§ Directions for this task:
Starting at the line that holds "Carbon Monoxide Concentrations" and stopping at the line that holds "Raissa, Amanda Putri", restate the records below word for word, with both of those lines included.

§ Data records:
>>>>>

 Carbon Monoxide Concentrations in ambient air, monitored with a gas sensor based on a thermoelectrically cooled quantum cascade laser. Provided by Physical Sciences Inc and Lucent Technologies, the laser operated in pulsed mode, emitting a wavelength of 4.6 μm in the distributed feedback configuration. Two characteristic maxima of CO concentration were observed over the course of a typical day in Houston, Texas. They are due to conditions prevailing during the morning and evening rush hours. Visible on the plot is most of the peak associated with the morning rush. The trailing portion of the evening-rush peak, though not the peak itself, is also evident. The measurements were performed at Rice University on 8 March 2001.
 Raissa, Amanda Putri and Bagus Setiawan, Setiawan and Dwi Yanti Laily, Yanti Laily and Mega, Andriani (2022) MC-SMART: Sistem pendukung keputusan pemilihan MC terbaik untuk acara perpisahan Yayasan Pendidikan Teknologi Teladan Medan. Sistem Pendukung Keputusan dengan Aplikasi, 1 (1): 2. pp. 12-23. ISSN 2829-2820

<<<<<
>>>>>

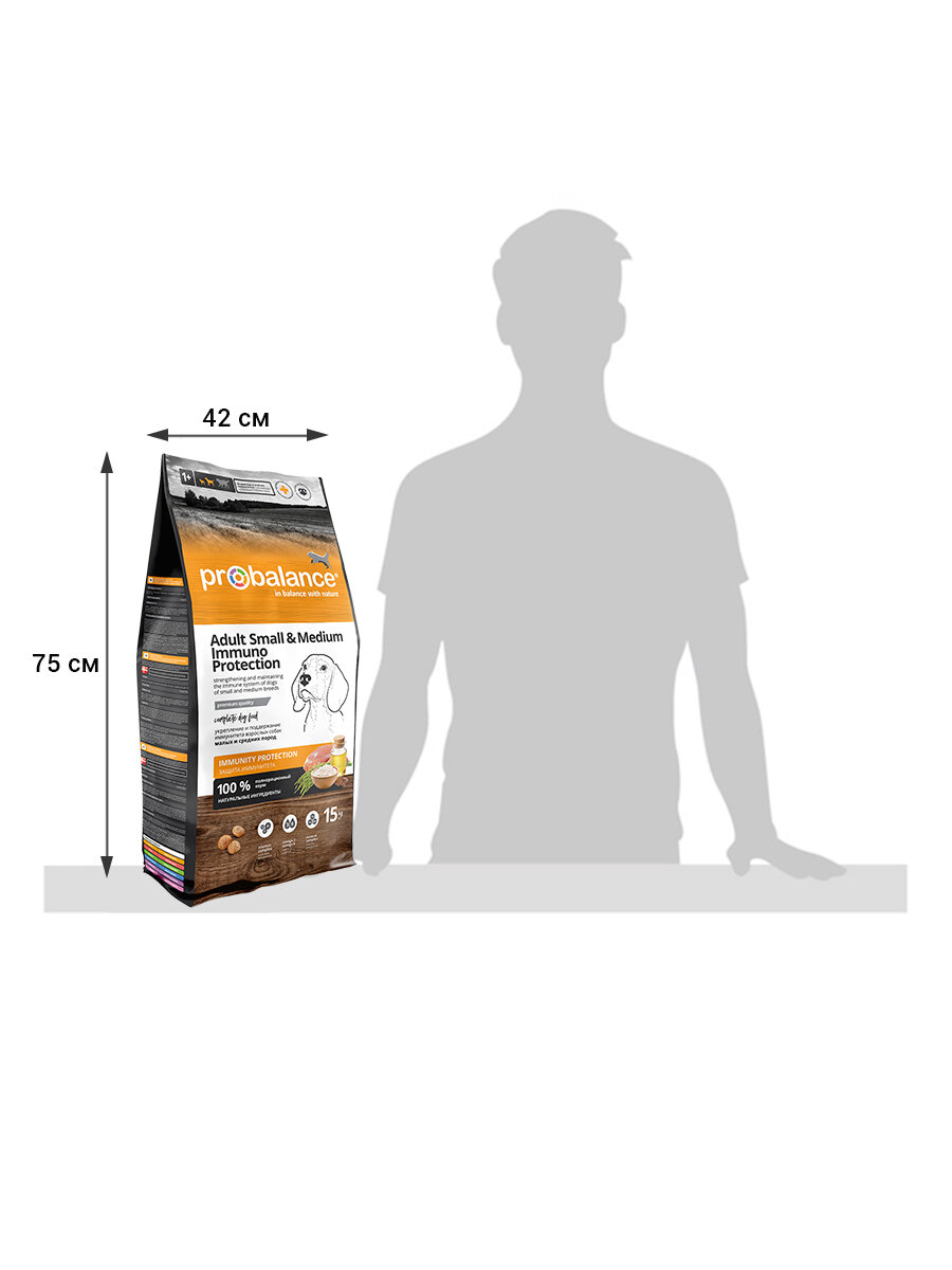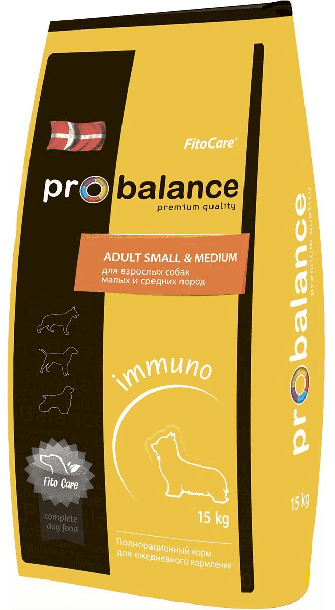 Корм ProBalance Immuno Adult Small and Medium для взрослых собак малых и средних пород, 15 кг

<<<<<

§ Answer to the problem:
 Carbon Monoxide Concentrations in ambient air, monitored with a gas sensor based on a thermoelectrically cooled quantum cascade laser. Provided by Physical Sciences Inc and Lucent Technologies, the laser operated in pulsed mode, emitting a wavelength of 4.6 μm in the distributed feedback configuration. Two characteristic maxima of CO concentration were observed over the course of a typical day in Houston, Texas. They are due to conditions prevailing during the morning and evening rush hours. Visible on the plot is most of the peak associated with the morning rush. The trailing portion of the evening-rush peak, though not the peak itself, is also evident. The measurements were performed at Rice University on 8 March 2001.
 Raissa, Amanda Putri and Bagus Setiawan, Setiawan and Dwi Yanti Laily, Yanti Laily and Mega, Andriani (2022) MC-SMART: Sistem pendukung keputusan pemilihan MC terbaik untuk acara perpisahan Yayasan Pendidikan Teknologi Teladan Medan. Sistem Pendukung Keputusan dengan Aplikasi, 1 (1): 2. pp. 12-23. ISSN 2829-2820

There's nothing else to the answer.